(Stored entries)
--
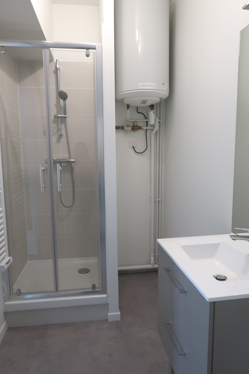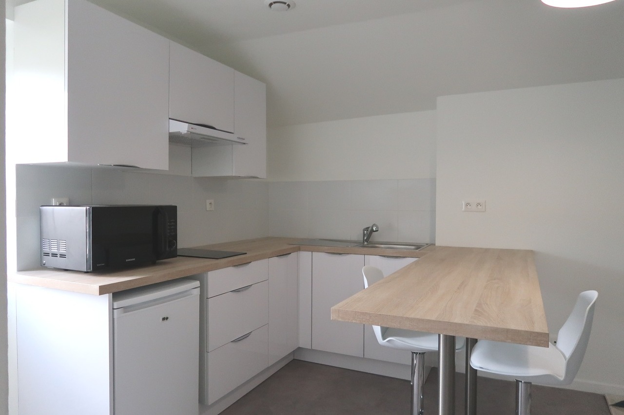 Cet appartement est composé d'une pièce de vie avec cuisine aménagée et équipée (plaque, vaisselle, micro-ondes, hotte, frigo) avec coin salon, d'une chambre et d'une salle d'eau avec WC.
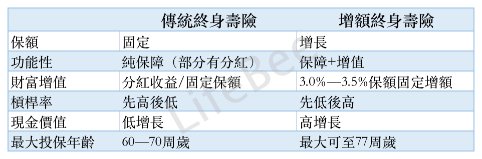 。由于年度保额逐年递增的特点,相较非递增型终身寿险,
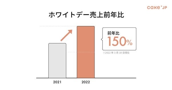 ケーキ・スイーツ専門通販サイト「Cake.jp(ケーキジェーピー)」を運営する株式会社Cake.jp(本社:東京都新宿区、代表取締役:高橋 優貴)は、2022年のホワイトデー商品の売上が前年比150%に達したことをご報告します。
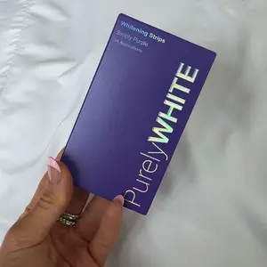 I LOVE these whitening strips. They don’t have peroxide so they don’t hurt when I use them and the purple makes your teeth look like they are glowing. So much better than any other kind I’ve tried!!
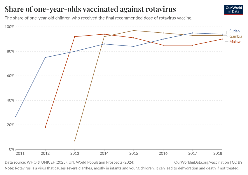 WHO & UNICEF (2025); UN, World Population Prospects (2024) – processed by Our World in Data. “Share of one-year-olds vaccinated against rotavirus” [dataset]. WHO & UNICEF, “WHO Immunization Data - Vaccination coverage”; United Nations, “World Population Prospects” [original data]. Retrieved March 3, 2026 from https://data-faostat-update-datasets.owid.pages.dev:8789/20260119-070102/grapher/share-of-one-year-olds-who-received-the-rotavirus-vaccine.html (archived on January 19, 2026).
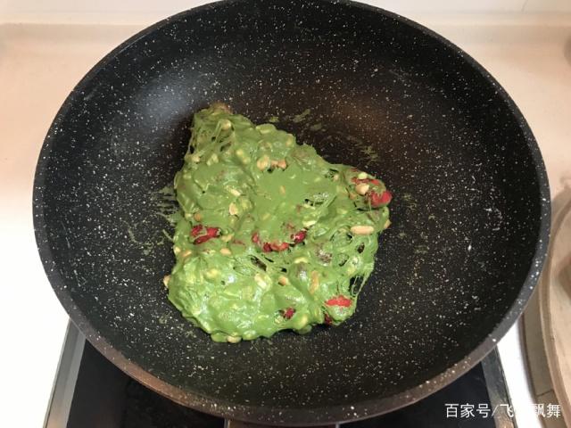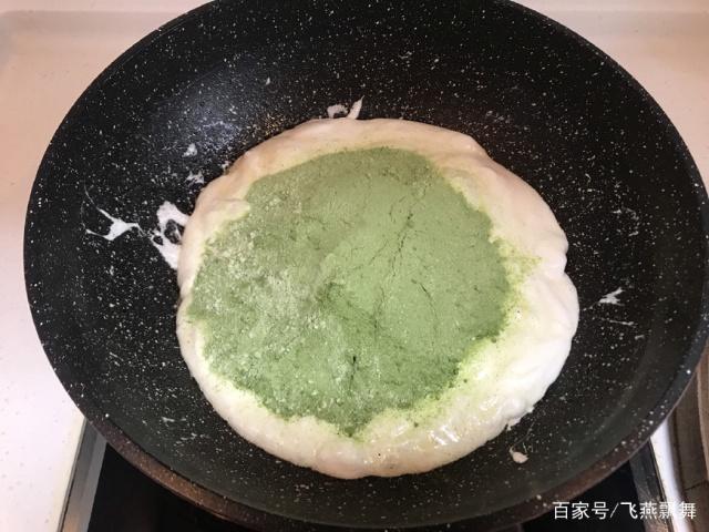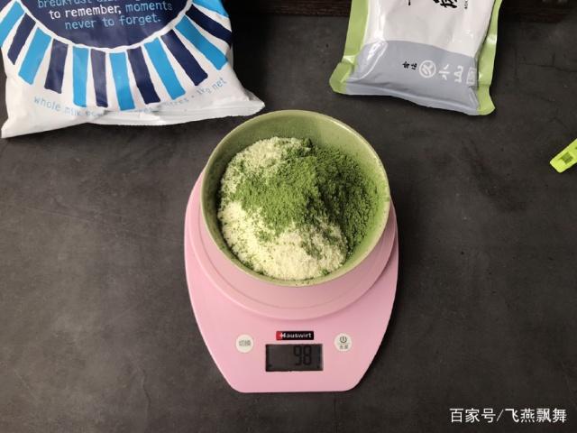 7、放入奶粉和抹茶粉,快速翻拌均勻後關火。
--
| Task directions |
Copy the records exactly. Skip the pictures.

| Result of this task |
 Cet appartement est composé d'une pièce de vie avec cuisine aménagée et équipée (plaque, vaisselle, micro-ondes, hotte, frigo) avec coin salon, d'une chambre et d'une salle d'eau avec WC.
 。由于年度保额逐年递增的特点,相较非递增型终身寿险,
 ケーキ・スイーツ専門通販サイト「Cake.jp(ケーキジェーピー)」を運営する株式会社Cake.jp(本社:東京都新宿区、代表取締役:高橋 優貴)は、2022年のホワイトデー商品の売上が前年比150%に達したことをご報告します。
 I LOVE these whitening strips. They don’t have peroxide so they don’t hurt when I use them and the purple makes your teeth look like they are glowing. So much better than any other kind I’ve tried!!
 WHO & UNICEF (2025); UN, World Population Prospects (2024) – processed by Our World in Data. “Share of one-year-olds vaccinated against rotavirus” [dataset]. WHO & UNICEF, “WHO Immunization Data - Vaccination coverage”; United Nations, “World Population Prospects” [original data]. Retrieved March 3, 2026 from https://data-faostat-update-datasets.owid.pages.dev:8789/20260119-070102/grapher/share-of-one-year-olds-who-received-the-rotavirus-vaccine.html (archived on January 19, 2026).
 7、放入奶粉和抹茶粉,快速翻拌均勻後關火。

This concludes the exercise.